Friday, April 27, 2012


I think I've been hoodwinked. I think the vast majority of us have been bamboozled. 

Here on campus, I've participated in quite a few discussions about "the art of bullshitting". I've often heard it referred to as the number one skill gained by a Princeton education: the ability to sound like you know what you're talking about when you're really making it up as you go along. Just a few weeks ago, I was marveling at my own ability to read 30 pages of a 200 page book and still answer questions my professor asked the class during lecture. A few nights ago, I was talking about a course I took last Spring that I tried hard to do poorly in (I was taking the class pass/fail) by not doing the readings, bullshitting in precept, making up fairly outrageous paper topics and writing the papers the night before they were due, etc. I don't know exactly, but I'm almost positive I got at least an A- in the class. 

This and other experiences/conversations have called me to reconsider the nature of bullshitting.
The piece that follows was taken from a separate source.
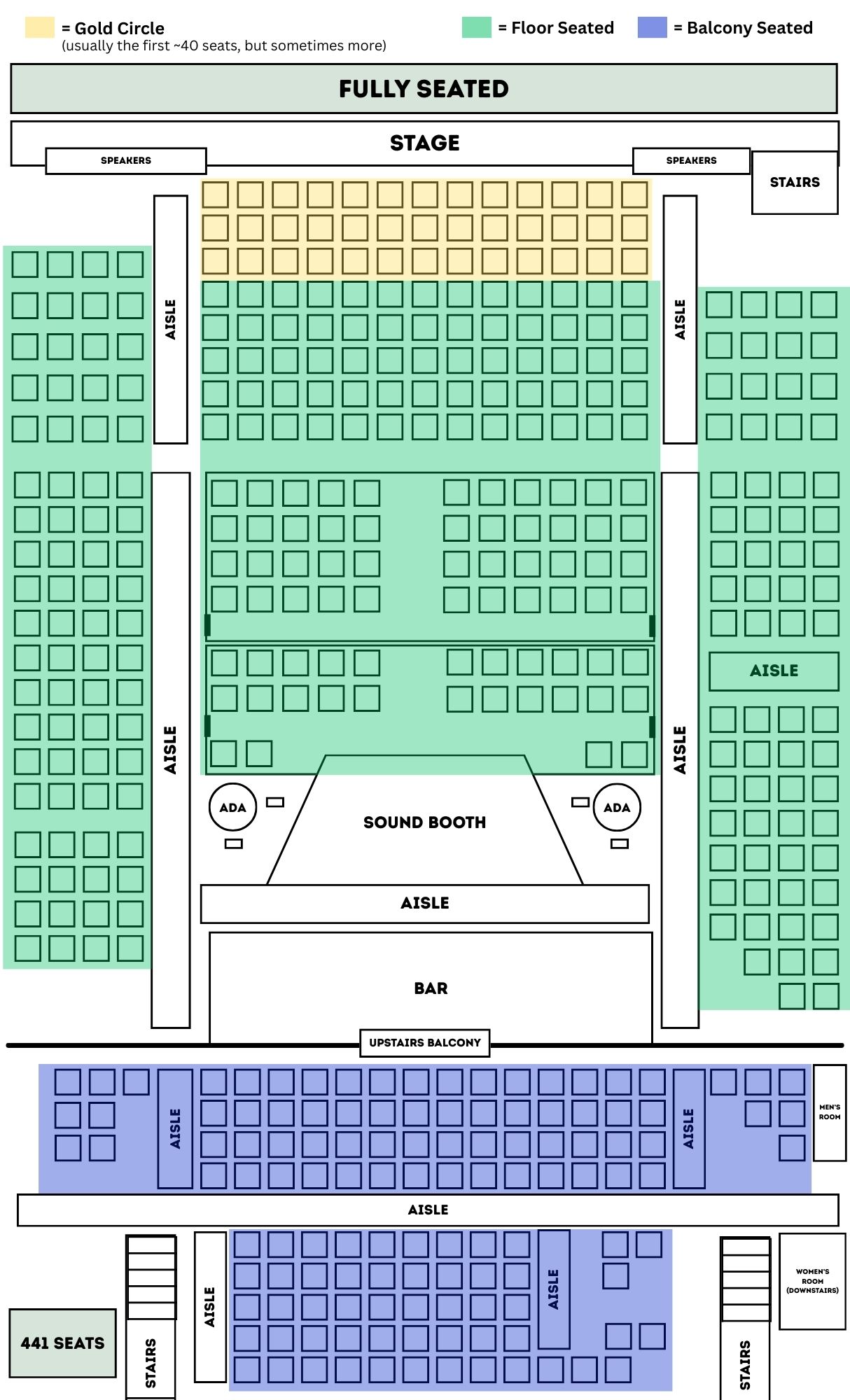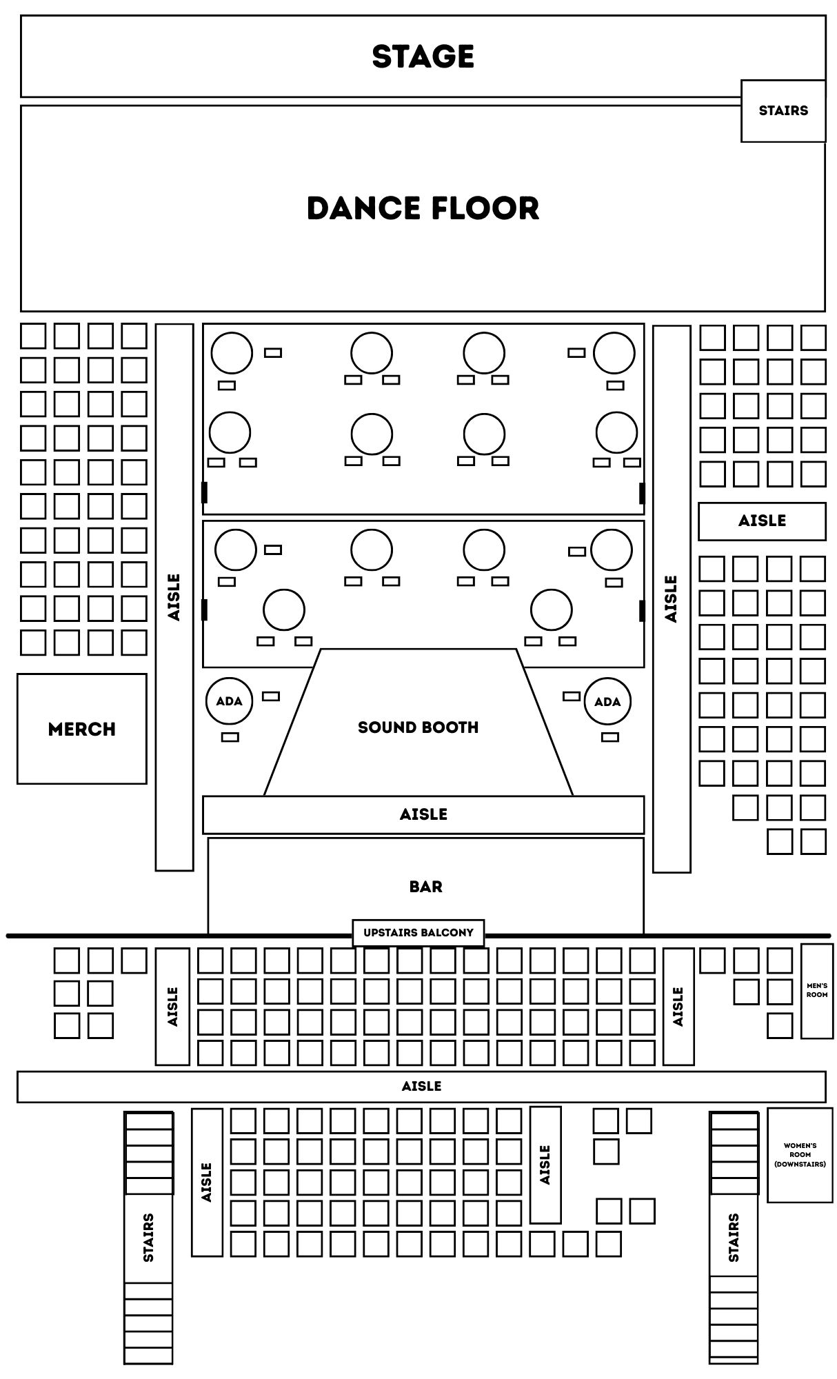 If the show only has General Admission tickets, patrons are able to freely move throughout the venue. If a show has General Admission and Balcony tickets, General Admission is only on the floor, and Balcony allows you to go upstairs. Tickets do not assign you an exact seat, they assign you a seating section. All seats are first come, first served. For Fully Seated shows, scroll down for the Fully Seated map.

The OED defines the verb "to bullshit" as "to talk nonsense (to); also, to bluff one's way through (something) by talking nonsense". Urban dictionary agrees, defining it as "to generate stuff that is made up for the purpose of placating someone, or passing an exam, or getting elected to office. Most often false or ridiculous."

I'm gonna go out on a limb here and say that that's not what we're doing in class/precept/papers the vast majority of the time. "Nonsense" is too strong a word. What we're saying is informed by something--if not the course's "required" readings, then by previous knowledge gained from other classes, things picked up in lecture, or even personal experiences which can be quite relevant and illuminating. ...I think that what we so often call "bullshit" is actually "original thought". No one called philosophers and founding scholars of various disciplines bullshitters when they sat around thinking and wrote their various treatises. They were contributing to scholarship and developing intellect and I think that, on a much smaller scale, obviously, we're doing the same thing.

So I'm making a resolution to stop referring to my work in academic settings as bullshit, even when I didn't put as much effort into it as I could have. That feels like selling my academic work, my academic self, short. It feels like I'm not giving myself credit for that of which I'm capable. It sounds like I'm denying that what I think and say and do is important. I feel like existing in a culture that refers to such work as "bullshit" most of the time encourages us to distance ourselves from our scholarship, to not take pride in our work, to discredit that which we are and do. And THAT is some bullshit.